Partial Reduction of Alkynes With Lindlar’s Catalyst or Na/NH3 To Obtain Cis or Trans Alkenes

Alkynes to Alkenes via Partial Reduction With Lindlar’s Catalyst and Na/NH₃

One very important set of reactions of alkynes involves partial reduction to  give either cis or trans alkenes depending on the reagents.

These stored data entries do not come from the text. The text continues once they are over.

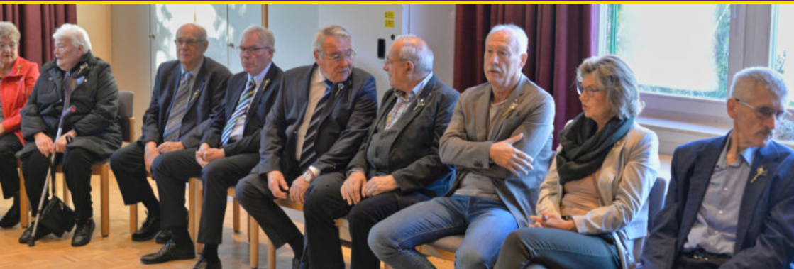
Jubelkonfirmation 2024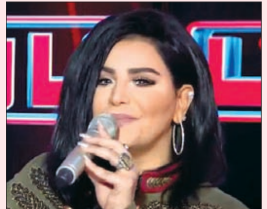
فنانة العرب في «تاراتاتا»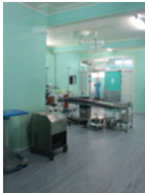
Bloc opératoire de chirurgie cardiaque inauguré le 16 décembre 2016 par Son Excellence M. Le Président de la République de Madagascar.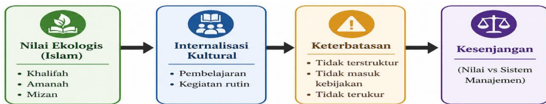
Gambar 2. Kesenjangan Integrasi Nilai Ekologis dalam Sistem Manajemen Madrasah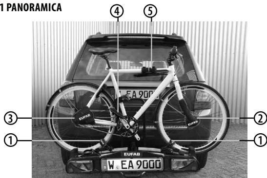
Figura 1: Panoramica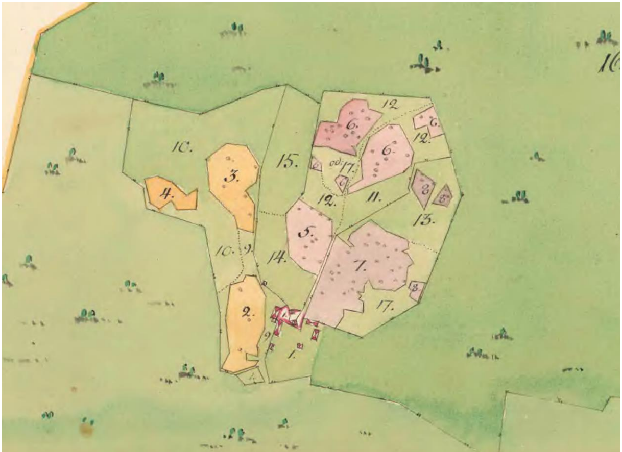
torp hör också torpet Hultamon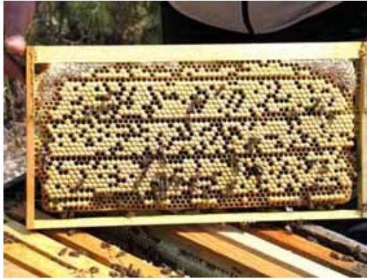
Εικόνα 6. Κηρήθρα με κηφηνόγονο με περισσότερα από 3.000 κελιά που έχουν εκτραφεί σε δυνατό μελίσσι.

Ο καλύτερος τρόπος απόκτησης πολλών κηφήνων είναι η τοποθέτηση κηφηνοκηρήθρας στο κέντρο της γονοφωλιάς μελισσιού που έχει επιλεγμένη βασίλισσα. Για την απόκτηση ώριμων κηφήνων απαιτούνται περίπου 35 μέρες από την τοποθέτηση της κηρήθρας μέσα στο μελίσσι, δηλαδή 24 μέρες για την εκκόλαψή τους από κελί και 10 περίπου μέρες για την ωρίμανσή τους. Το μελίσσι εκτροφής κηφήνων πρέπει να είναι δυνατό και να τροφοδοτείται με σιρόπι και γύρη, εκτός αν οι μέλισσες φέρνουν πολύ νέκταρ και γύρη. Από την επιφάνεια ενός πλαισίου μπορούν να εκκολαφθούν περίπου 3.000 κηφήνες, που είναι αρκετοί για 200 βασίλισσες ( Εικ. 6 ).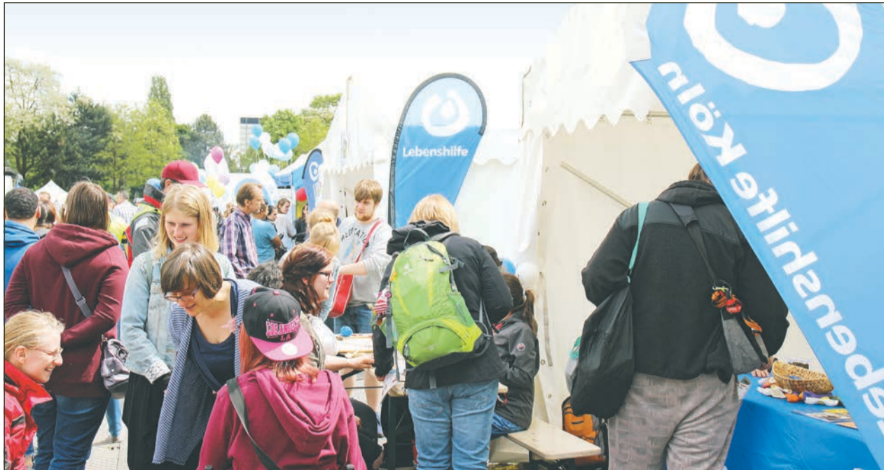
Die Lebenshilfe-Meile auf dem Tag der Begegnung war gut besucht.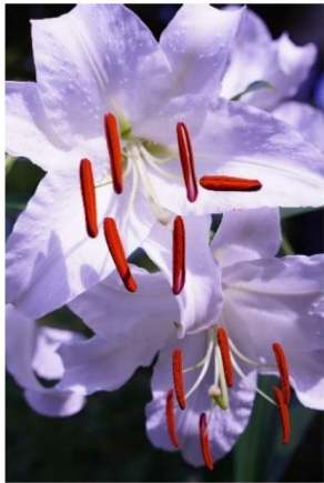
題名：カサブランカⅠ・Ⅱ

コロナ禍のため、旅行などの遠出の撮影は皆無となり、行き着いたのが自宅の庭です。カサブランカは、妻が愛情を込めて育てています。花の美しい造形に魅了されました。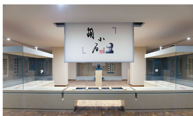
艺术馆“胡小石书法展”展厅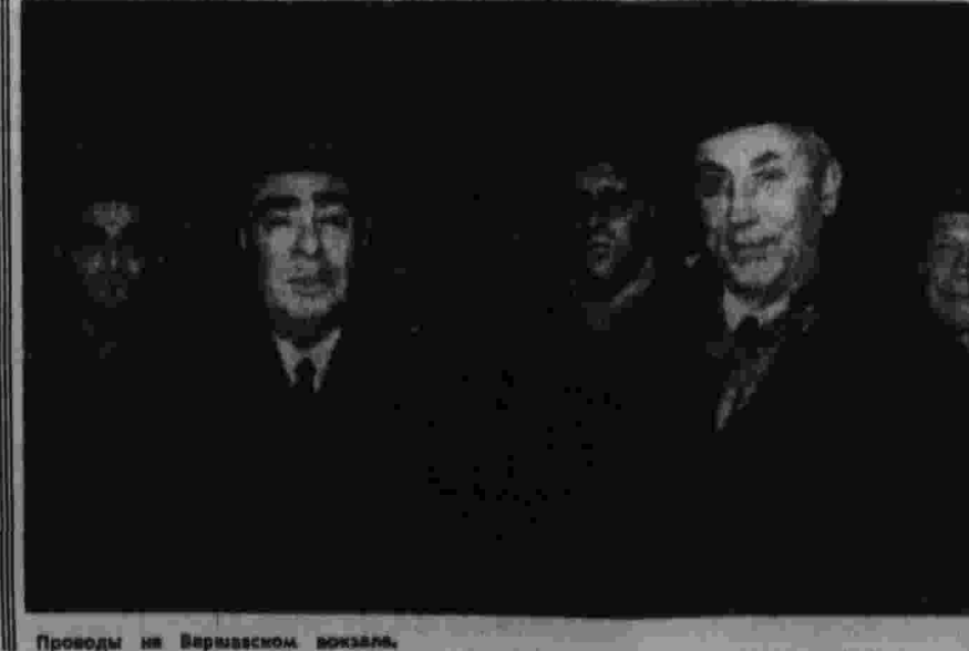
Проводы на Варшавском вокзале. Телюфера В. Мусальнича (ТАСС).

Пятилетка — дело всей партии, всего народа. Отвечая на решения Пленума ЦК КПСС и сессии Верховного Совета СССР новыми трудовыми достижениями, массовой инициативой в борьбе за повышение эффективности производства, советские люди говорят уверенно и единодушно: — Пятилетний план — выполнен!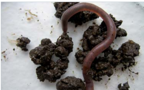
Fig.1. Grå meitemark - en hardhaus, og den vanligste arten meitemark i norsk dyrka jord. All "jorda" på bildet er ekskrementer fra grå meitemark.

Stor meitemark og lang meitemark bruker ekskrementer og slim til å kitte sammen og gjøre gangveggene glatte og stabile. Næringsinnholdet i slike gangvegger kan være over dobbelt så høyt som i jorda utenfor. Stor meitemark eter mer ferskt og konsentrert organisk materiale enn grå meitemark, og ekskrementene inneholder derfor mer plantenæringsstoffer. Som fig. 1 og 2 viser, er også ekskrementer fra jordlevende meitemark (grå og rosa) mer næringsrike enn jorda rundt.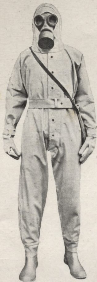
1. Viendalīgs pretgāzu uzvalks.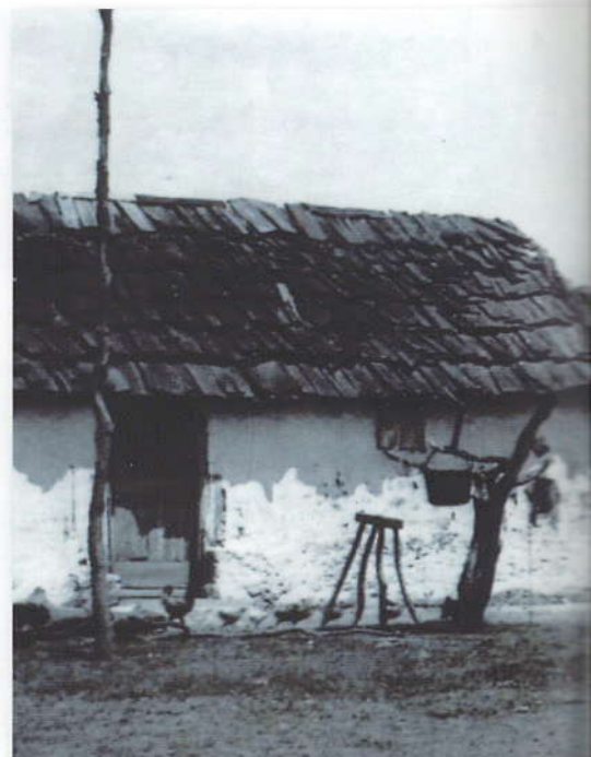
Villaggio di Iestre nell'Agro Pontino.

Sino alla fine dell'Ottocento, tra i tanti problemi che le amministrazioni di Roma succedutesi dopo l'Unità, si trovarono ad affrontare, figurava quello della lotta alla malaria che mieteva numerose vittime nelle sue campagne, ostacolando le attività agricole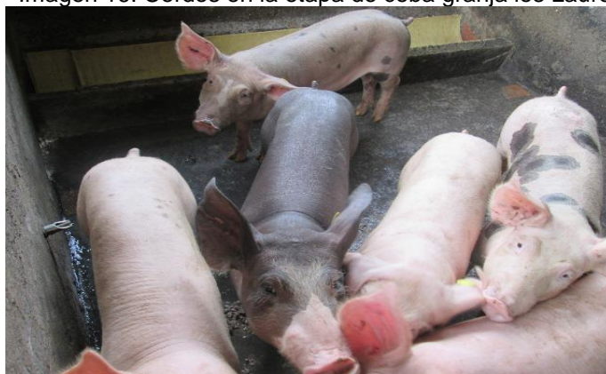
Imagen 16. Cerdos en la etapa de ceba granja los Laureles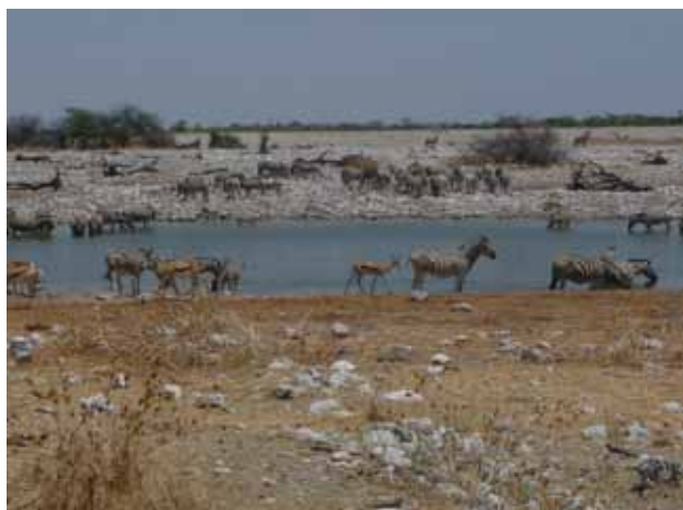
Vattenhål vid Okaukuejo Etosha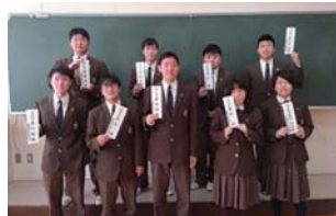
食品衛生責任者となった生徒達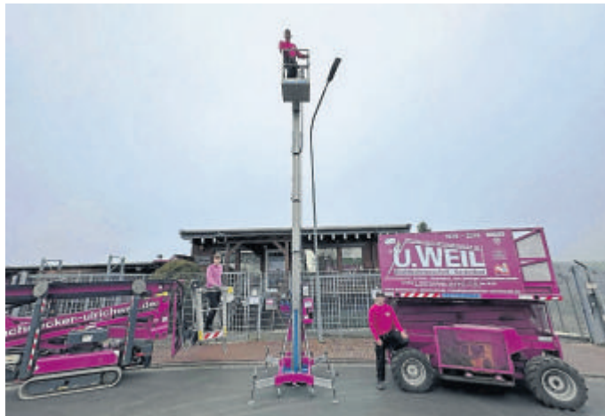
Blick auf einige Arbeitsgeräte.

Kontakt: Ulrich Weil GmbH, Auf Stein 11, 35789 Weilmünster Telefon 06472-7722 oder -2277 oder 06471-508470, www.dachdecker-ulrichweil.de .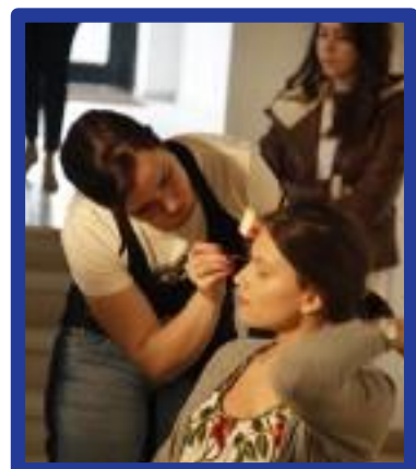
Ambiente de Curso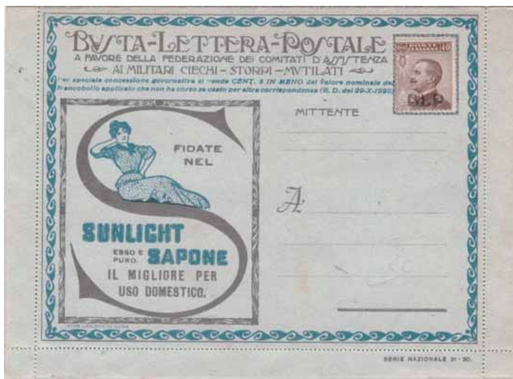
Busta-Lettera Postale nuova con esemplare da cent. 40 con soprastampa violetta.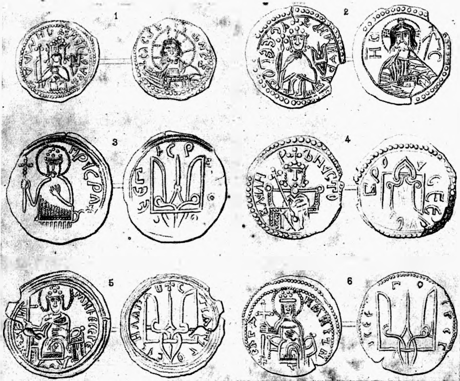
Монети вел. кн. Володимира Великого, по реконструкції І. І. Толстого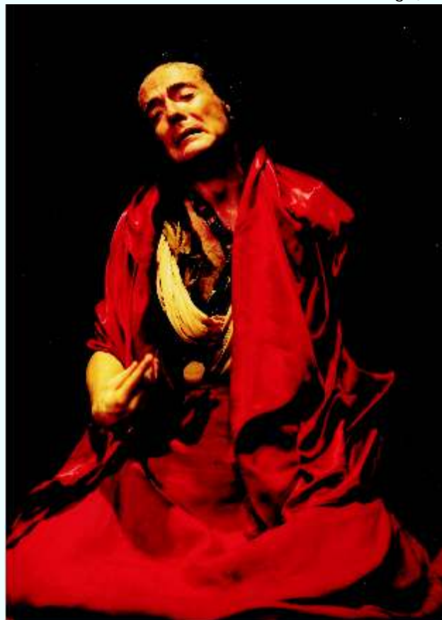
Kelbilim é baseado na vida de Santo Agostinho, que teve uma juventude mundana e egoísta

A Mostra Nacional do 22º Festival de Teatro do Agreste – FETEAG, de 20 a 30 de Outubro, em Caruaru, será aberta no dia 21, às 20h, no Teatro Rui Limeira Rosal, do Sesc, com o espetáculo A Descoberta das Américas , inspirado em fatos reais que ocorreram na Flórida e foram contados pelo cronista Cabeça de Vaca. Trata-se de uma produção da Leões de Circo Pequeno Empreendimentos, do Rio de Janeiro. Um ator sem aparato (cenário, figurino, iluminação e até texto são reduzidos ao mínimo), atua num estado essencial, de emergência. O desafio é de achar o jeito, a cada noite, de jogar com aquela platéia e fazer aquela platéia jogar.

• Reduction of alkynes with Lindlar’s Catalyst (a “poisoned” palladium catalyst) results in cis alkenes.
• Reduction of alkynes with sodium in ammonia (Na/NH₃) results in trans alkenes.
• The resulting products can undergo all the standard reactions of alkenes (e.g. Br₂, OsO₄, epoxidation, etc.) and these types of questions show up frequently on exams.

Table of Contents

1. Hydrogenation of Alkynes With Pd-C and H₂ Gives Alkanes
2. Partial Hydrogenation of Alkynes Gives Alkenes
3. Catalytic Hydrogenation Using the “Poisoned” Lindlar’s Catalyst Gives cis Alkenes
4. Reduction of Alkynes Using Sodium and Ammonia (Na / NH₃) Gives Trans Alkenes
5. The Stereochemistry of Partial Reduction Has Important Consequences In Synthesis
6.  Notes
7. (Advanced) References and Further Reading

1. Hydrogenation of Alkynes With Pd-C and H₂ Gives Alkanes

Alkynes bear many similarities to alkenes, but as we have already seen, their chemistry can differ in subtle and interesting ways. Today’s post is another case in point.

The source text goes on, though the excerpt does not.